I also didn't realise how much one bean differs from the next. My first batch of beans included 5 different beans from 5 different places so just as I was getting close to a decent cup I'd have to change beans. Now I understand they're all vastly different I'm sticking to a single favourite for now.

I'll try out all the tips I've been given so far and see where it takes me!


----------



## Dylan

Yea when your starting out buy 1kg bags so you don't have to change just as you nail the routine.


----------



## MarkT

Hi Andy,

Apologies for swift reply this morning as I was leaving for Sunday dinner out. lol.

What Dave said is right as I've been following his advice on another thread.

Currently I have my machine set to Grind setting 2 and Front dial dosing to 4 o'clock You might get a small amount of grounds go over the portafilter. Tamping just hard enough to compact the grounds. use the dose trimmer to level off. So I get the extraction at between 12 and 1 on the extraction dial. Roughly about 24-26 seconds. The only thing I have to watch out for is the tamping pressure. Otherwise the shots are perfect for me.

I have bought a motta tamper. It's not because of the tamper came with is not good it's just that I like the bigger grip.

http://www.amazon.co.uk/Motta-tamper-stainless-steel-wooden-handle/dp/B009TO5PSK/ref=sr_1_2?ie=UTF8&qid=1453059260&sr=8-2&keywords=tamper+53mm

You need to remember it's 53mm tamper you need as the protafilter is 53.5 mm.

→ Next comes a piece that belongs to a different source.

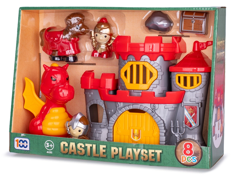 Igrača je izdelana iz kakovostne plastike, kar zagotavlja preprosto vzdrževanje in odpornost pri vsakodnevni igri. Žive barve in tematski elementi otroke popeljejo v svet čarovnije, kjer lahko ustvarjajo lastne dogodivščine z vitezi in zmaji.

Like Dave said above. Spend some time with the machine get a few shots write down the settings you use and the results you get. Compare them and you will get the perfect one for your taste. Use a bathroom scale to see what 20kg pressure feels like.

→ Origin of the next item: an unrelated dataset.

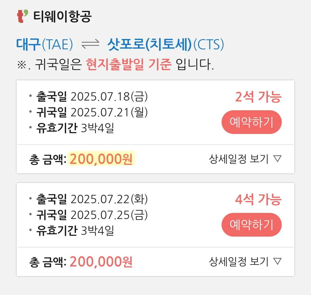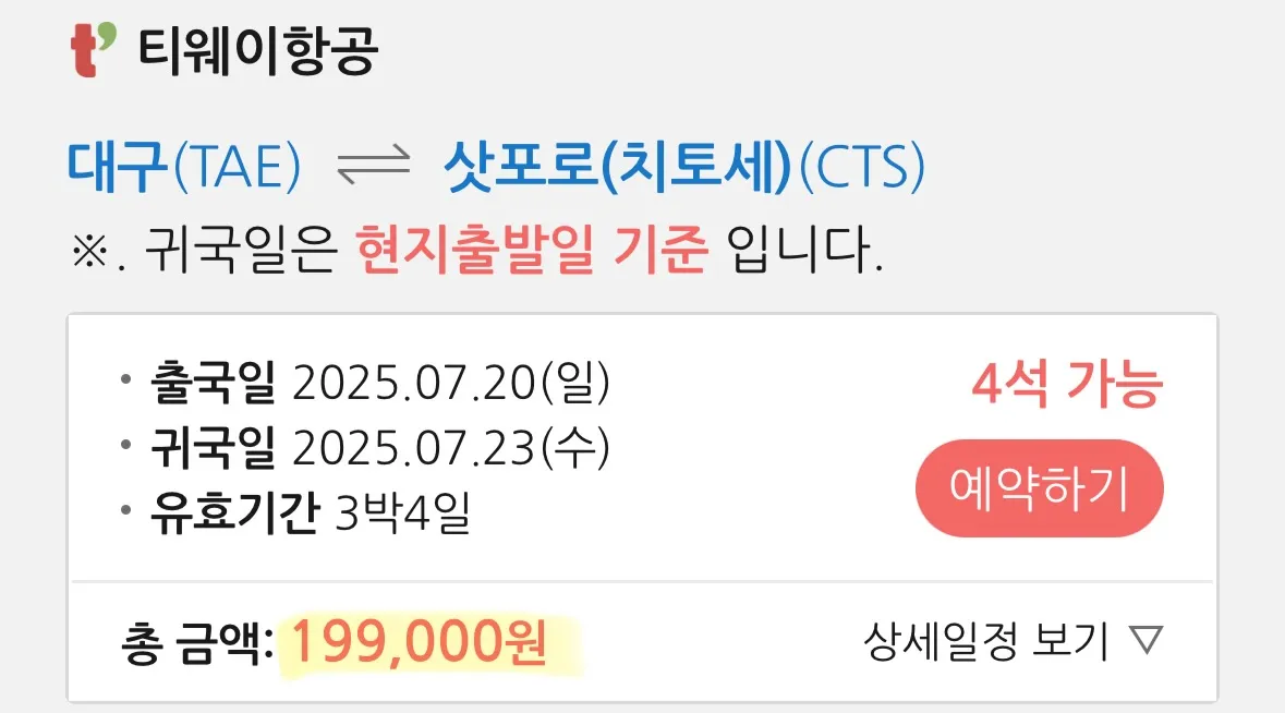 대구 출발, 삿포로 도착, 10만원대

Also use bottled water like Volvic, Ashbeck or Waitrose Essential. I'm using Volvic and Waitrose half and half as the water hardness in my area is pretty high and it's an expensive machine so go easy on the limescale build up. It also taste so much better too. lol.


----------



## hotmetal

Don't want to chime in half-cocked but 20kg tamping pressure is a lot! I don't think you need to go that hard. However, I dare say if you're tamping until the bed doesn't 'give' any more you should then be consistent. Trying to tamp light consistently is harder. But 20kg seems a tad excessive (not going to say it's wrong - whatever works)


----------



## MarkT

Apologies Hotmetal, too much beer. lol . meant to say 20-30 lbs. Forgive me my maths is very very bad. lol.


----------



## Dylan

There is a school of thought that says 20-30lbs but the key bit is consistency. If you want to tamp 5lbs that's fine so long as you get your level and your tramp more or less that same wash time.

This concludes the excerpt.